The thickening of the fog told me that the day was passing.

It passed. The houses on the opposite side of the square vanished in a vaporous, yellow haze, and their lighted windows were like rows of bloodshot eyes looking out of the blackness.

Except the young waiter and the chambermaid nobody visited me until a little before dinner time. Then the old actress came up, rather fantastically dressed (with a kind of laurel crown on her head), to say that the boarders were going to have a dance and wished me to join them. I excused myself on the ground of headache, and she said:

"Young women often suffer from it. It's a pity, though! Christmas night, too!"

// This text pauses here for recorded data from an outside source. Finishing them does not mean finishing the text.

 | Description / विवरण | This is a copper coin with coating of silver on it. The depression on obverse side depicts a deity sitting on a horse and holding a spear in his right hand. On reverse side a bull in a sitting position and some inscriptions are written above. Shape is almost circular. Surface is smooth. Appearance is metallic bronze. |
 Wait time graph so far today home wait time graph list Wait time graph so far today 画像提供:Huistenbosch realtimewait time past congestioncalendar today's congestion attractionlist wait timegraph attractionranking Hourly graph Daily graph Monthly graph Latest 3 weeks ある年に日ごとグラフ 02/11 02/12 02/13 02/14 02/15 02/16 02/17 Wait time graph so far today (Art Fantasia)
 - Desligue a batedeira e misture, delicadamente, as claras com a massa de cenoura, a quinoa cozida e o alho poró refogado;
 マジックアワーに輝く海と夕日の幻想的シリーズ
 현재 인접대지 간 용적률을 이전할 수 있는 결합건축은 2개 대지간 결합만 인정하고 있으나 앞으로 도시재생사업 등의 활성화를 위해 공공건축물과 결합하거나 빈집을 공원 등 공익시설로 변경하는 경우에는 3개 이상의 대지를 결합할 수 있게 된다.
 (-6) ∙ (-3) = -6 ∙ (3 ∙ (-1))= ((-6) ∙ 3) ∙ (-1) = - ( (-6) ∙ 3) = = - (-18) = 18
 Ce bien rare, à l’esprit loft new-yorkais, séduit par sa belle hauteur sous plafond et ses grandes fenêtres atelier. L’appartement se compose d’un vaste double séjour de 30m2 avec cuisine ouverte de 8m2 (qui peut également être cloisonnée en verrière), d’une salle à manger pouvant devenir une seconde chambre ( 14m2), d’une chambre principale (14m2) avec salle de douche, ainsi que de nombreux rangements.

Not long after she had gone, I heard, through the frequent tooting of the taxis in the street, the sound of old-fashioned waltzes being played on the piano, and then a dull thudding noise on the floor below, mingled with laughter, which told me that the old boarders were dancing.

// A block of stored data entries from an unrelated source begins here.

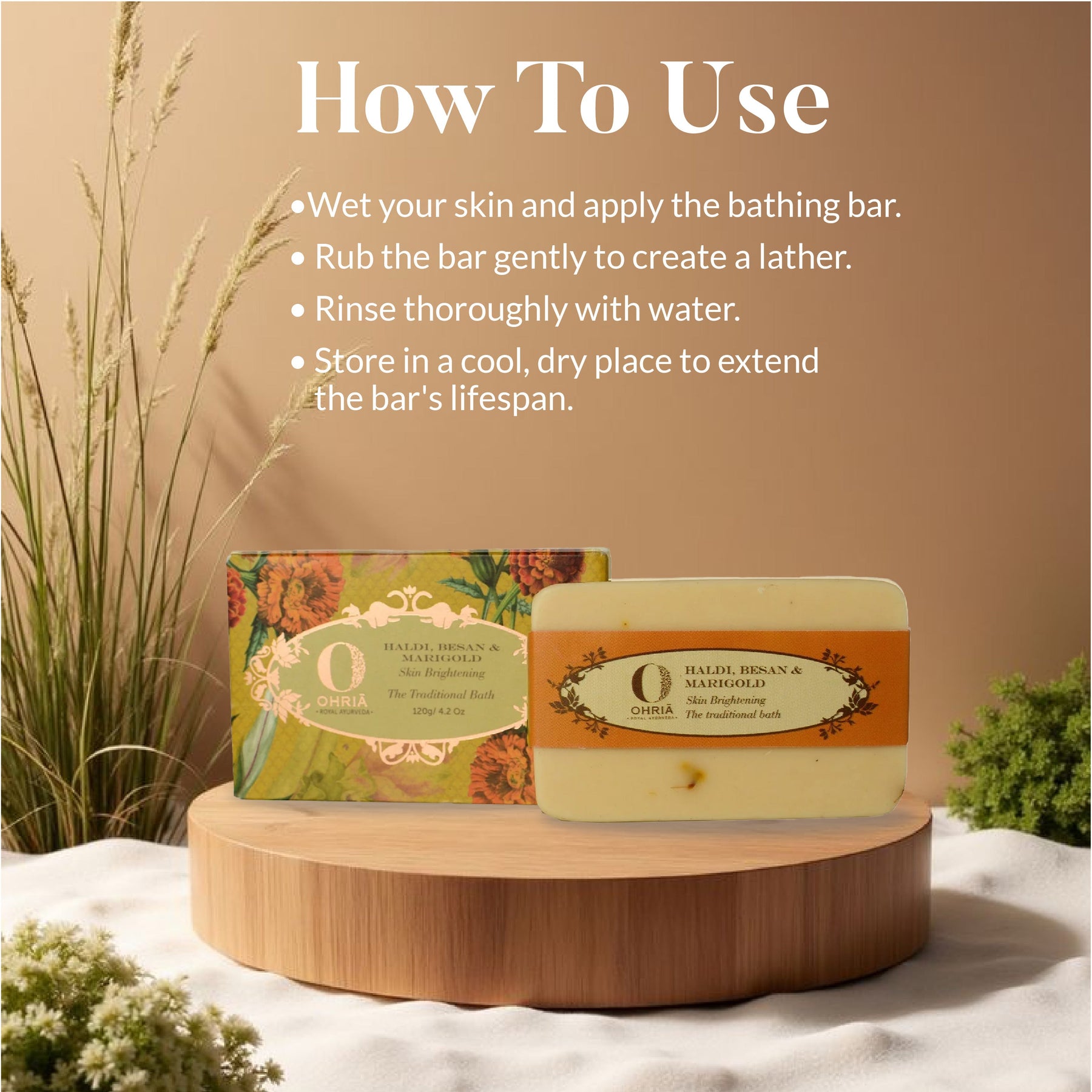 This lovingly handcrafted bathing bar is suitable for all skin types and is designed to brighten the skin while enhancing your complexion. Formulated with natural cleansing and moisturizing ingredients such as turmeric, besan (gram flour), goat milk, lentils, and Sveta Chandan oil, it effectively reduces pigmentation and heals blemishes. Enriched with Vitamin E, turmeric oil, castor oil, palm oil, and coconut butter, the bar deeply hydrates and moisturizes the skin, leaving it soft, supple, and clear. These powerful Ayurvedic ingredients purify the skin and provide a luxurious, traditional bathing experience.
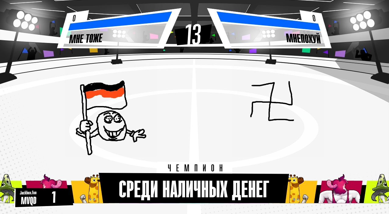 Например гладиарторы (не самый лучший пример, но все же) Раунд 1 В первом раунде игроки рисуют два типа бойцов, которые будут биться в сражениях: "чемпиона" и "аутсайдера" (противника). Рисуя "чемпиона", вы будете знать только за какой титул он будет сражаться, например, "Чемпион среди трусов". Рисуя "аутсайдера", вы будете знать только против какого персонажа он будет биться, что может помочь в создании своего бойца. Затем игроки будут голосовать за то, какой боец лучше подходит для того, чтобы стать чемпионом своих титулов. Если число голосов равняется 50/50, то по умолчанию побеждает аутсайдер.
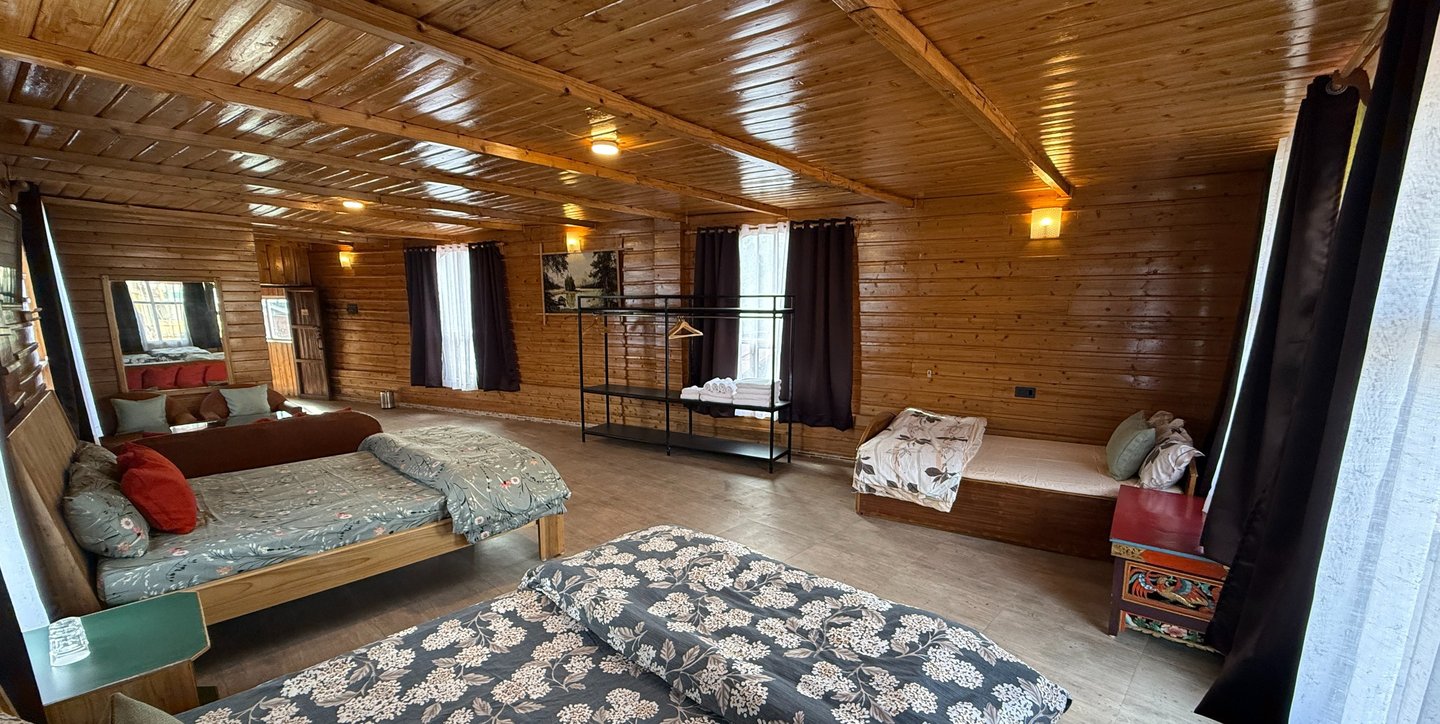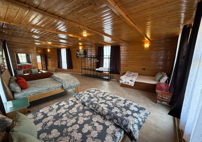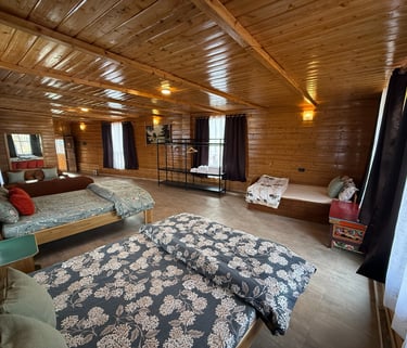 Designed for group stays, our larger rooms offer three beds with generous extra space. They can comfortably host 10 to 15 guests. Extra beds are available on request at an additional charge.

I dare say my head was becoming light. I had eaten nothing for nearly forty hours, and perhaps the great shock which chance had given me had brought me near to the blank shadowland which is death.

I remember that in some vague way there arose before me a desire to die. It was not to be suicide—my religion saved me from that—but death by exhaustion, by continuing to abstain from food, having no desire for it.

Martin was gone—what was there to live for? Had I not better die before my child came to life? And if I could go where Martin was I should be with him eternally.

Still I did not weep, but—whether audibly or only in the unconscious depths of my soul—more than once I cried to Martin by name.

"Martin! Martin! I am coming to you!"